- Episode no.: Season 1 Episode 2
- Directed by: Michael Dinner
- Written by: Michelle Ashford
- Original air date: October 6, 2013
- Running time: 54 minutes

Guest appearances
- Beau Bridges as Scully; Heléne Yorke as Jane Martin; Annaleigh Ashford as Betty DiMello; Brian Howe as Sam; Elizabeth Dennehy; Rae Foster as Dottie; April Parker Jones as Mrs. Katcher; Ruby Lewis as Connie; Nicholle Tom as Maureen; Ellen Wroe as Ginger;

Episode chronology
| ← Previous "Pilot" | Next → "Standard Deviation" |
- Masters of Sex (season 1)

= Race to Space (Masters of Sex) =

"Race to Space" is the second episode of the first season of the American period drama television series Masters of Sex. It aired on October 6, 2013 in the United States on Showtime.

==Plot==
While getting her children ready for school, Virginia Johnson (Lizzy Caplan) considers how she will tell William Masters (Michael Sheen) that she has declined his proposal that they have sex with each other for their study from the previous episode. When she arrives at work, Bill tells her that Scully (Beau Bridges) has canceled their research because they were studying couples. Bill berates her for sleeping with Ethan Haas (Nicholas D'Agosto), as he assumes it was Haas who told Scully, and fires her. Virginia then receives a call that her son has been suspended from school for spitting on his teacher.

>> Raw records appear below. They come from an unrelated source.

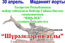 30 апрель конне сэгать 14.00 дэ Саба районы мэдэният йортында гимназиянен "Яшьлек" театр студиясе "Шурэле ни атлы" дигэн спектакль курсэтэ.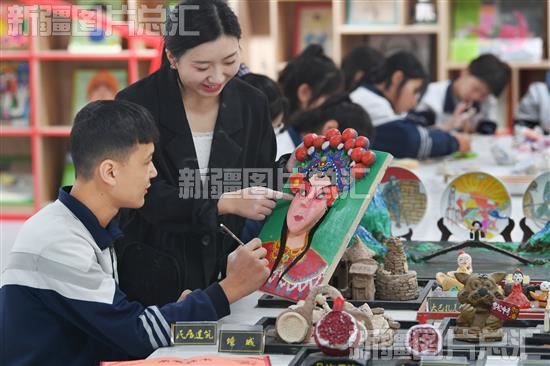 2023年11月7日,在阿克陶县雪松中学,“红杜鹃”陶艺社团的老师在指导学生陶艺制作。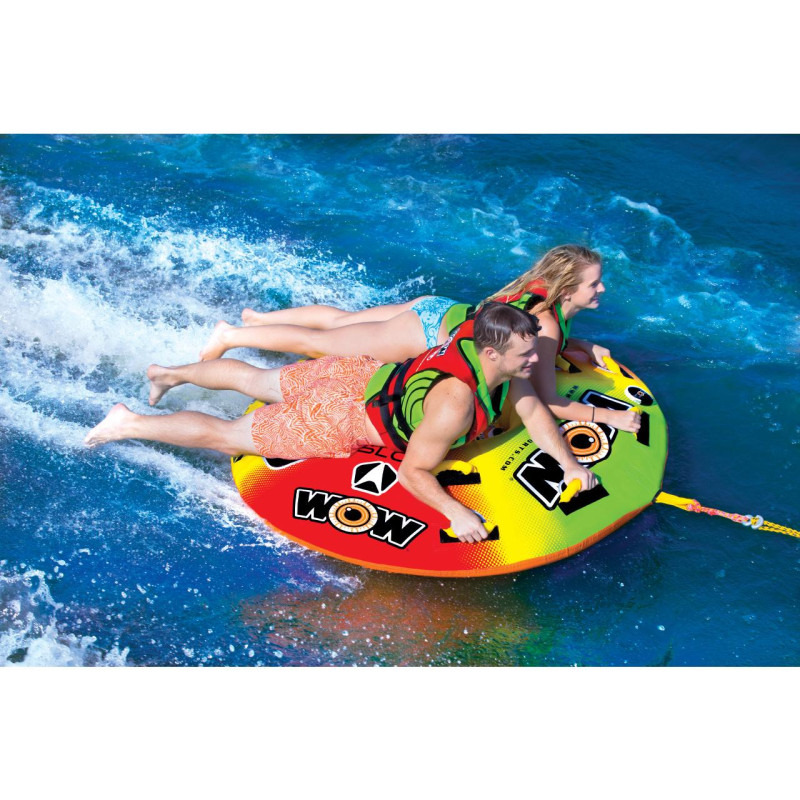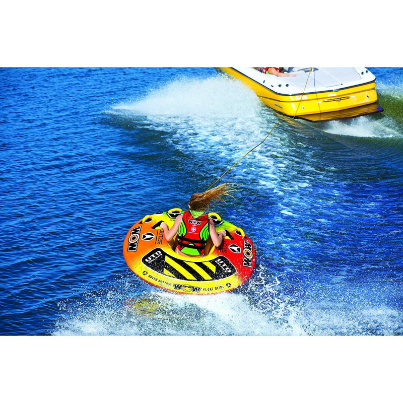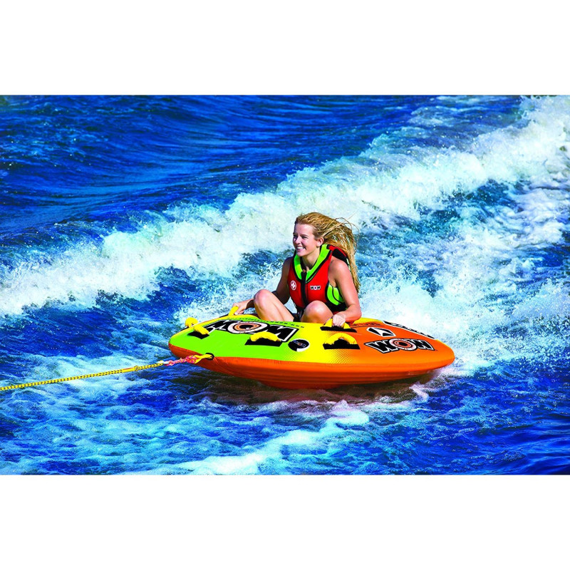 Буксируемый баллон (Плюшка) UTO GALAXY 1-2 Ркод товара 18-1080UTO Galaxy Галактика UTO вне этого мира. Идеально подходит для буксировки, если вы хотите, чтобы ваши друзья думали, что вы с другой планеты. Эта плюшка является гибридом; частично плоским и частично седельным буксиром с парящим днищем, чтобы быстро скользить на нем воде с небольшим сопротивлением. Один человек может перемещаться на этом тюбе, сидя в центре, в нише, или вы можете посадить двух ездоков, как на традиционный плоский буксир. Благодаря универсальности создается впечатление, что вы получаете 2 буксира по цене 1! 1-2 райдера общий максимальный вес 154kg.Плоский буксир HI-Performance с новой конструкцией днища HOVER BOTTOM, которая позволяет буксиру плавать, скользить и прыгать по воде.Полный нейлоновый чехол с прочными молниямиСверхмощный ПВХ баллонДвойные ручки из пенопластовой ленты с защитой пальцевПена EVA для комфортного сиденияКрышки клапанов на молнииСверхмощный формованный буксирный соединитель EZ включен для быстрого соединения с буксирным тросомСкоростные клапаны для быстрого надувания и дефляции1 год гарантииРазмеры накачанного буксира диаметр 152 см

Bill moves the study to a brothel, with the help of Betty (Annaleigh Ashford), and compensates the participating prostitutes with double their regular salary. Betty asks him for a job at the hospital and she is hired as a receptionist. Virginia begs Bill for her job back, but he is unresponsive. Dr. Langham (Teddy Sears) and Jane (Heléne Yorke) learn that the study has been canceled in the hospital, which disappoints Jane, who felt that she was a part of something important. Langham suggests they continue to sleep together regardless.

At the brothel, Bill instructs the prostitutes on how the study will be conducted, but he is interrupted by police officers, who arrest him and the girls. Later, when his wife Libby (Caitlin FitzGerald) drives him home, he tries to explain that he was doing work at the brothel. Meanwhile, Ethan sleeps with a nurse and tries to convince her to perform oral sex on him like Virginia did, but she is uncomfortable with it and he drives her home. Virginia puts her son to bed, and he asks her to read the last issue of a Race to Space comic with him, but she has to work. She goes to the brothel, where she convinces some reluctant girls to take part in the study, stating that they know more about sex than anyone.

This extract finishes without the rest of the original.